▶ ASSIGNED TASK
The listing below is to be given again in full and word for word, without its images.

Top of SUPPLIED MATERIAL

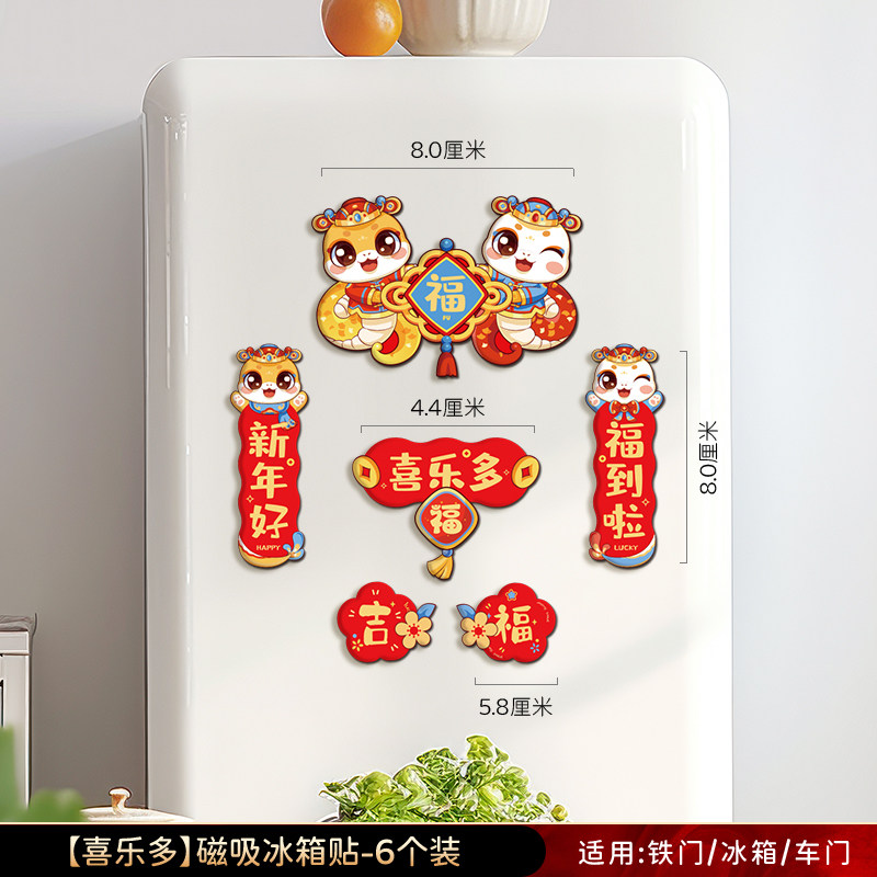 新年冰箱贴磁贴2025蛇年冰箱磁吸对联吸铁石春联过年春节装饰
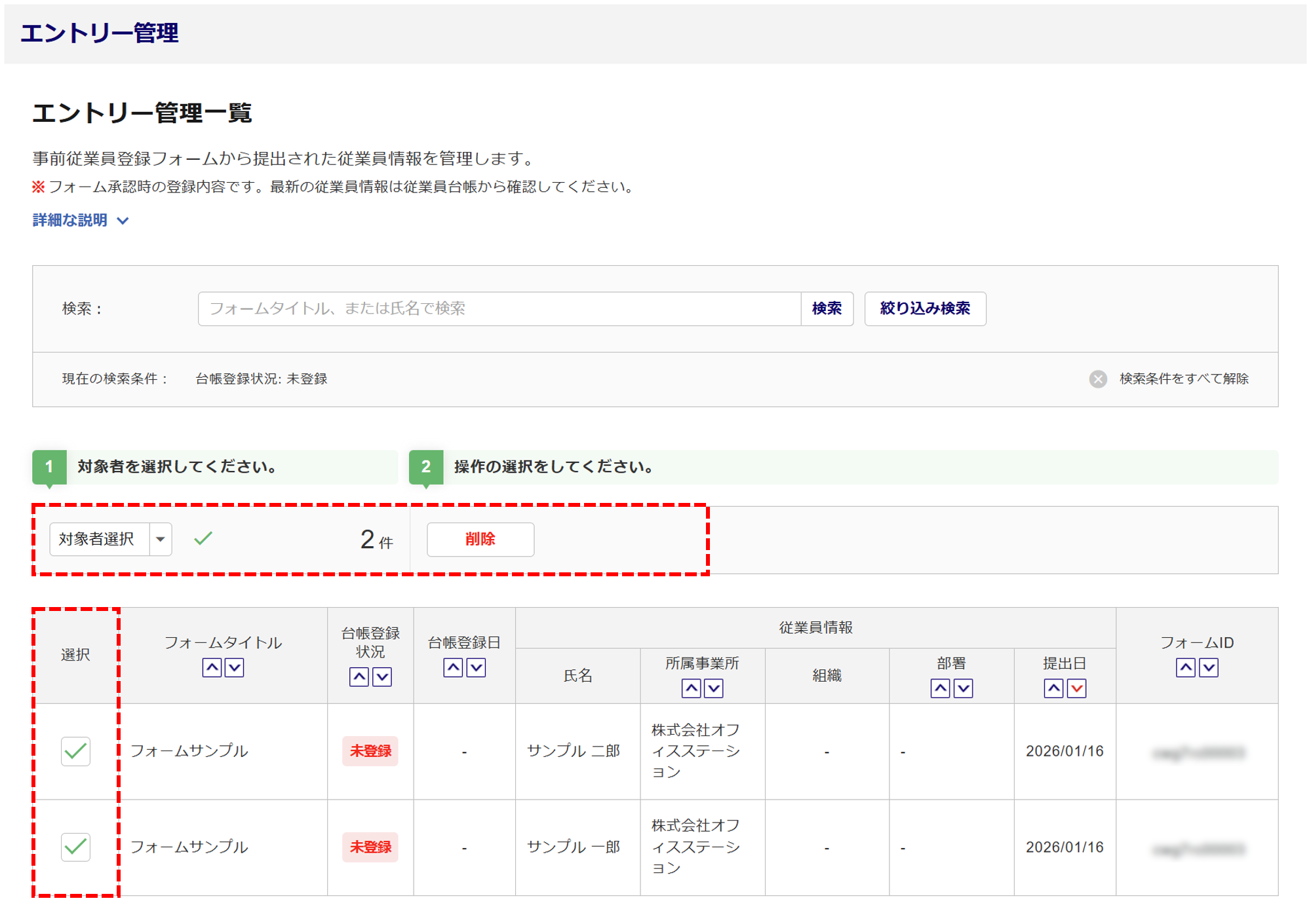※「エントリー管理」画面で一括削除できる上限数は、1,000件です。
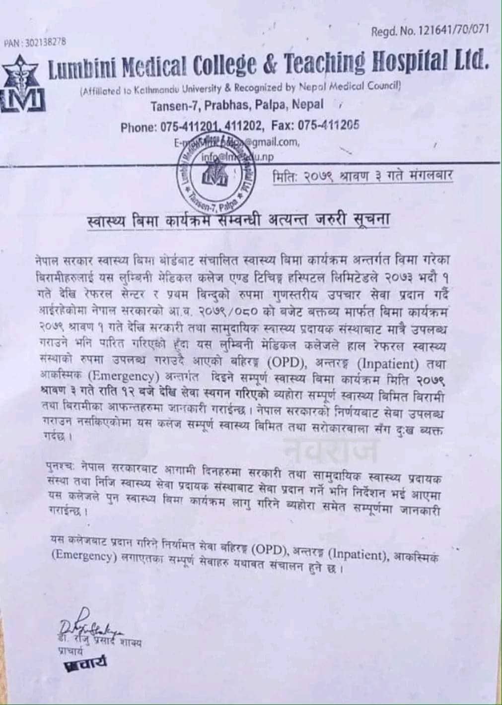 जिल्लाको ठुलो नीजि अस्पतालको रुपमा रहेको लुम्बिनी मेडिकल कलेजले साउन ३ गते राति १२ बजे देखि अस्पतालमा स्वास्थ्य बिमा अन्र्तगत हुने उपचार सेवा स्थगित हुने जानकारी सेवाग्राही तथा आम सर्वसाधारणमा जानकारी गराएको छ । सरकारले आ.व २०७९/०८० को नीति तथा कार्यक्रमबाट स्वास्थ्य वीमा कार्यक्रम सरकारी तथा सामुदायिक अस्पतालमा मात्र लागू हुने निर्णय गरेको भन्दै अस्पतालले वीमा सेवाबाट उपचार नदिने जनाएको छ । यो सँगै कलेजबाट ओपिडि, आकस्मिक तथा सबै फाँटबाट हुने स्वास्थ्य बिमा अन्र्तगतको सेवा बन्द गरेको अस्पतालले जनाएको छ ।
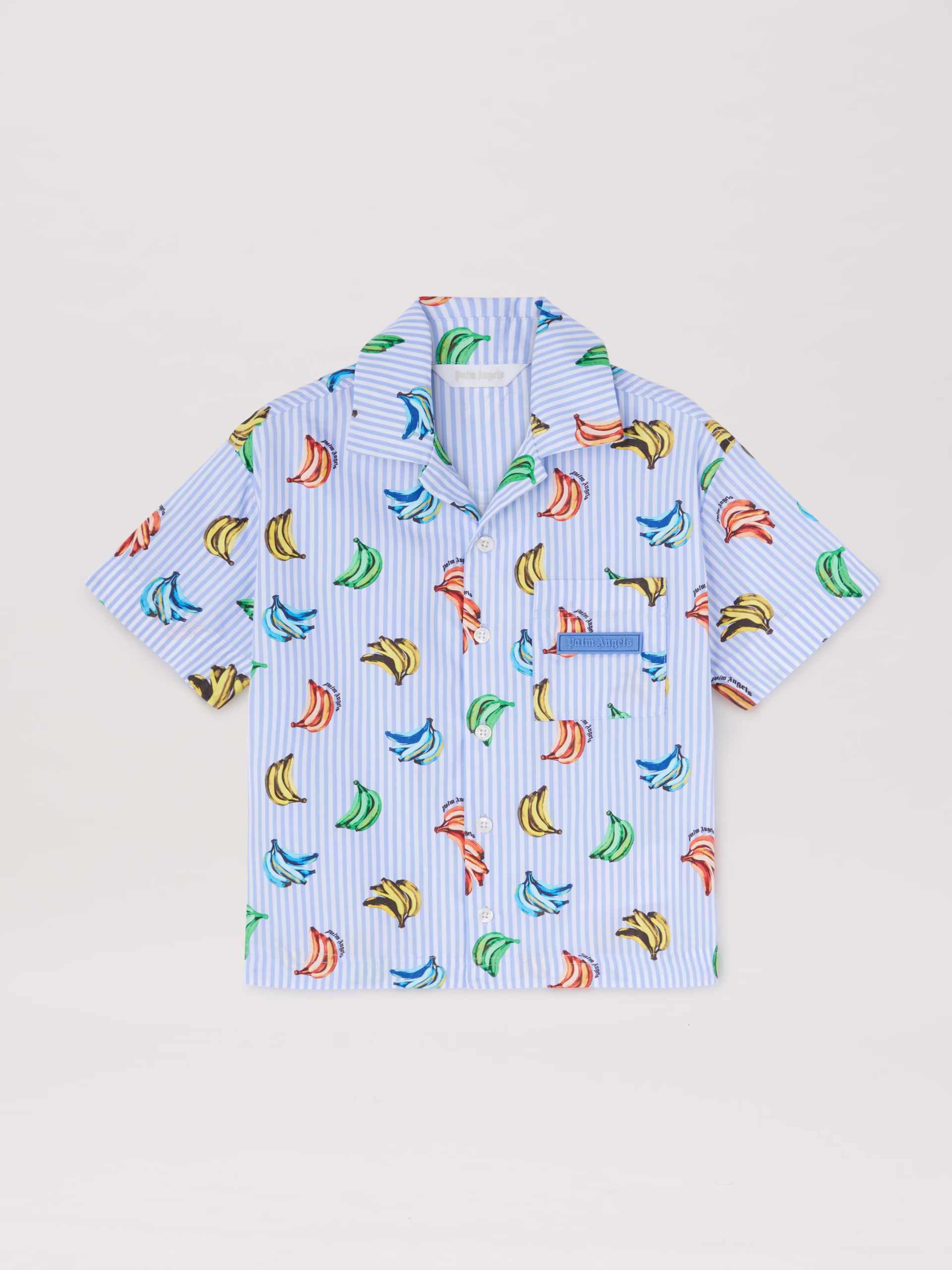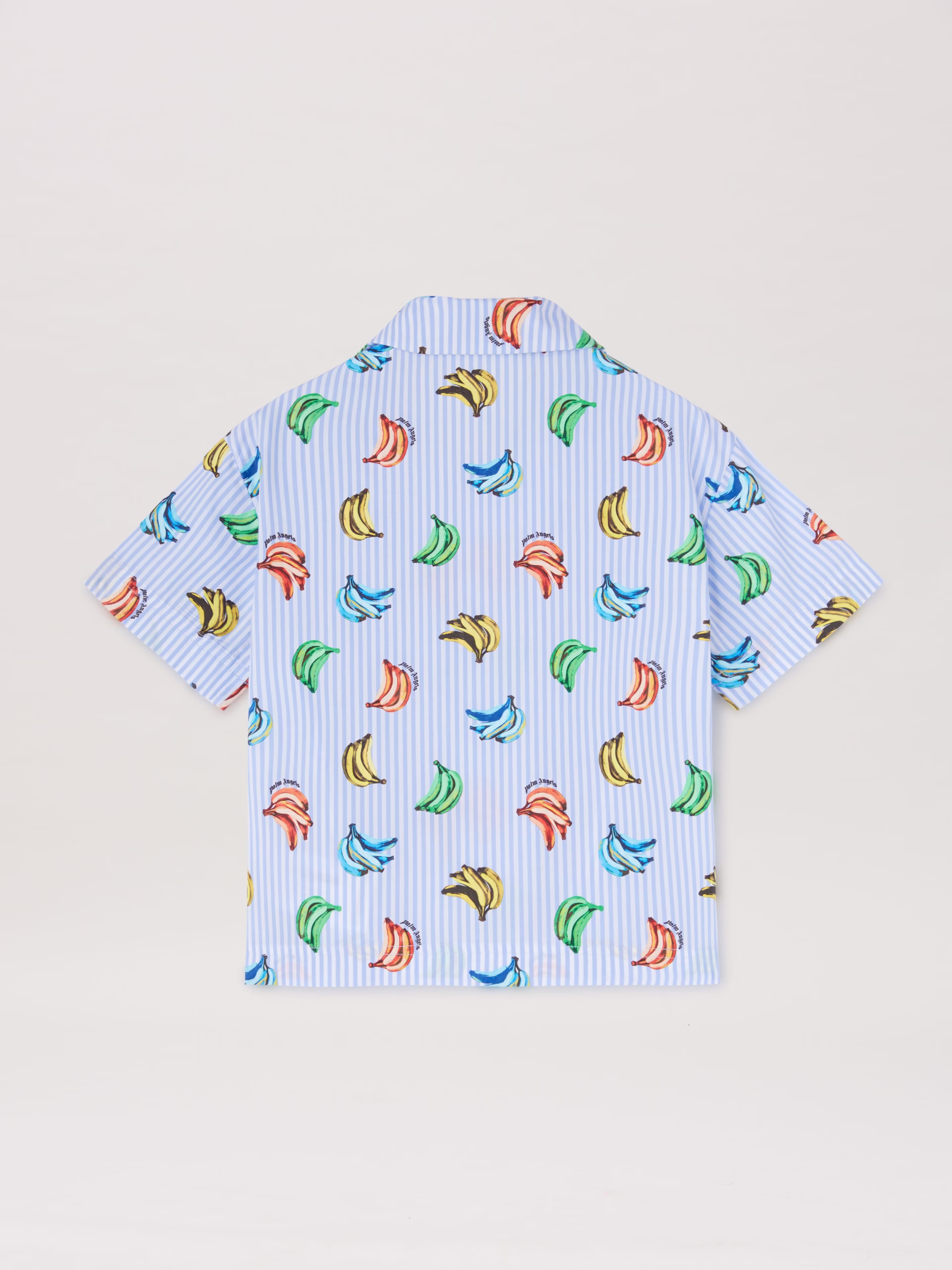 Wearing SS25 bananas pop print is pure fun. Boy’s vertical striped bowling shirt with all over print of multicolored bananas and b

Bottom of SUPPLIED MATERIAL

▶ RESULT OF THE TASK
 新年冰箱贴磁贴2025蛇年冰箱磁吸对联吸铁石春联过年春节装饰
※「エントリー管理」画面で一括削除できる上限数は、1,000件です。
 जिल्लाको ठुलो नीजि अस्पतालको रुपमा रहेको लुम्बिनी मेडिकल कलेजले साउन ३ गते राति १२ बजे देखि अस्पतालमा स्वास्थ्य बिमा अन्र्तगत हुने उपचार सेवा स्थगित हुने जानकारी सेवाग्राही तथा आम सर्वसाधारणमा जानकारी गराएको छ । सरकारले आ.व २०७९/०८० को नीति तथा कार्यक्रमबाट स्वास्थ्य वीमा कार्यक्रम सरकारी तथा सामुदायिक अस्पतालमा मात्र लागू हुने निर्णय गरेको भन्दै अस्पतालले वीमा सेवाबाट उपचार नदिने जनाएको छ । यो सँगै कलेजबाट ओपिडि, आकस्मिक तथा सबै फाँटबाट हुने स्वास्थ्य बिमा अन्र्तगतको सेवा बन्द गरेको अस्पतालले जनाएको छ ।
 Wearing SS25 bananas pop print is pure fun. Boy’s vertical striped bowling shirt with all over print of multicolored bananas and b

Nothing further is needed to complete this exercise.